El viento parecía que iba a arrancar las ventanas y la lluvia no hacía más que acrecentar mi angustia sobre cuál sería el final de los cristales. La ambientación era, sin duda, la de una película de terror. Yo estaba esperando a que alguien irrumpiese en mi cuarto con un hacha o una ráfaga de viento dejase circular el frío por toda mi habitación, caldeada a conciencia para combatir las bajas temperaturas del invierno.
No podía dormir. La angustia solo provocaba en mi ganas de comer, lo que sería un problema para mi bienestar al día siguiente pero, sin saber cómo… caí rendida en los brazos de Morfeo.
Soñé con un lugar donde no recordaba haber estado, pero era una vieja conocida allí. La angustia provocada por el viento y la lluvia en los minutos previos a la ensoñación volví a revivirlos cuando no me dejaron acceder al edificio donde se encontraban mis maestras, mis guías. Nadie me creía, nadie me dejaba acceder al recinto hasta que vi a una de ellas y pude gritar su nombre.
Me abrieron la verja y la puerta. Una escalera me dio acceso hasta el piso donde estaba una de ellas. No recuerdo su nombre, solo recuerdo su abrazo, su cariño y su calor… ¡Tan reconfortante qué hubiera vivido en sus brazos!
Allí solo había mujeres con problemas reales, es decir, a la vista de todo el mundo: madres solteras, mujeres violadas, niñas sin hogar… Víctimas de la vida, del destino o de la suerte.
Mis angustias solo derivaban de los sentimientos. De sentimientos no tejidos con agujas de amor.
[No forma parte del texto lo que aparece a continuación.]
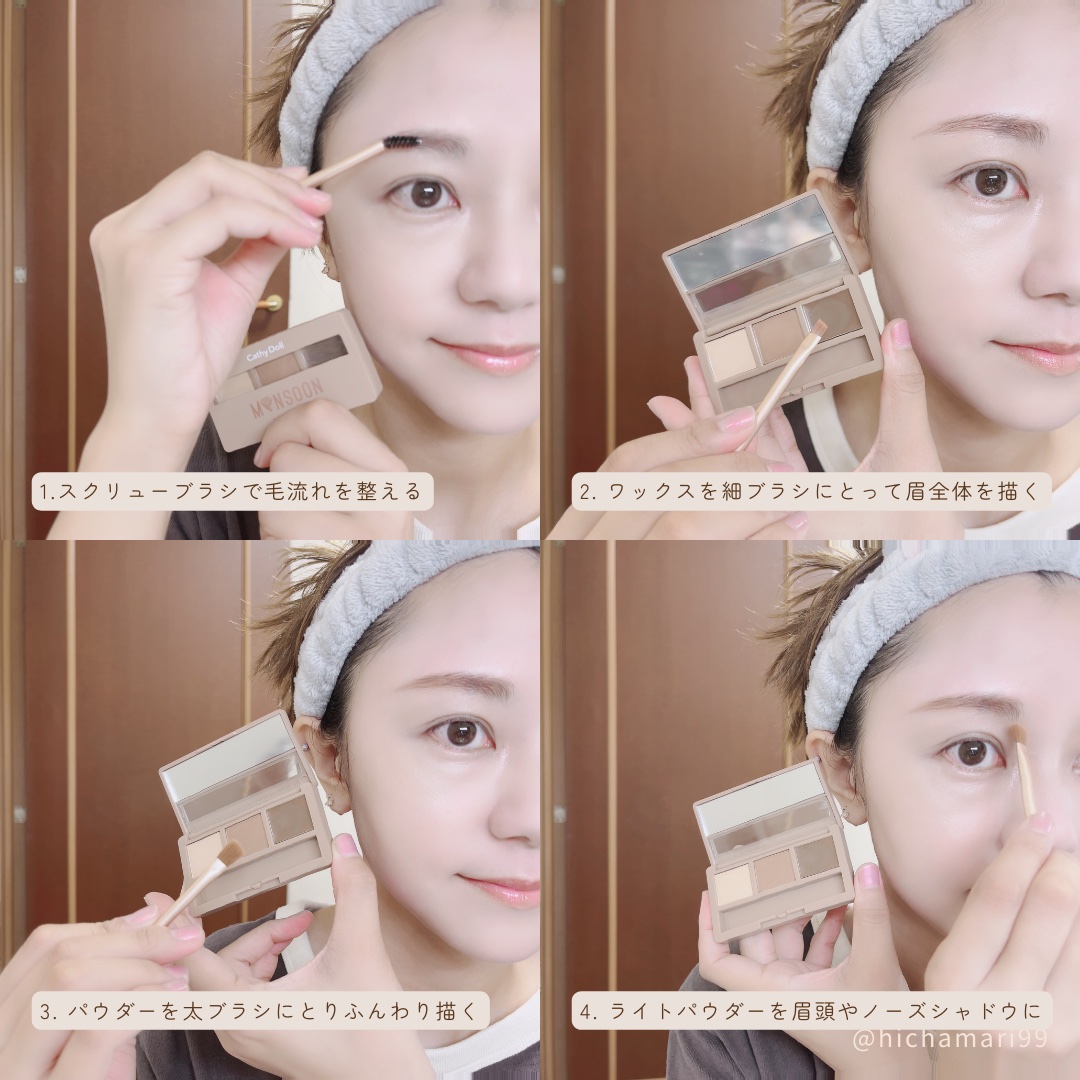 ワックス×パウダーのW密着構造 高温多湿なタイ国 お墨付きの耐久力で美眉に 擦っても落ちにくかったです✧︎ ワックスでここにのせるぞ〜と描いてからパウダーをのせると、しっかりのるし自然🤞 落ちにくい美眉メイクに ︎⸝⋆︎

De agujeros que no se zurcieron por manos expertas.
No eran menos importantes pero sí más fáciles de disimular. Las lágrimas del alma no limpian las heridas que las personas causaron en ella. Las riegan. Y si no sabemos cultivar flores donde solo crece maleza, el viento y la lluvia seguirá soplando tristezas en tu corazón hasta que tú decidas que ya ha llegado la hora de que salga el sol en tu vida.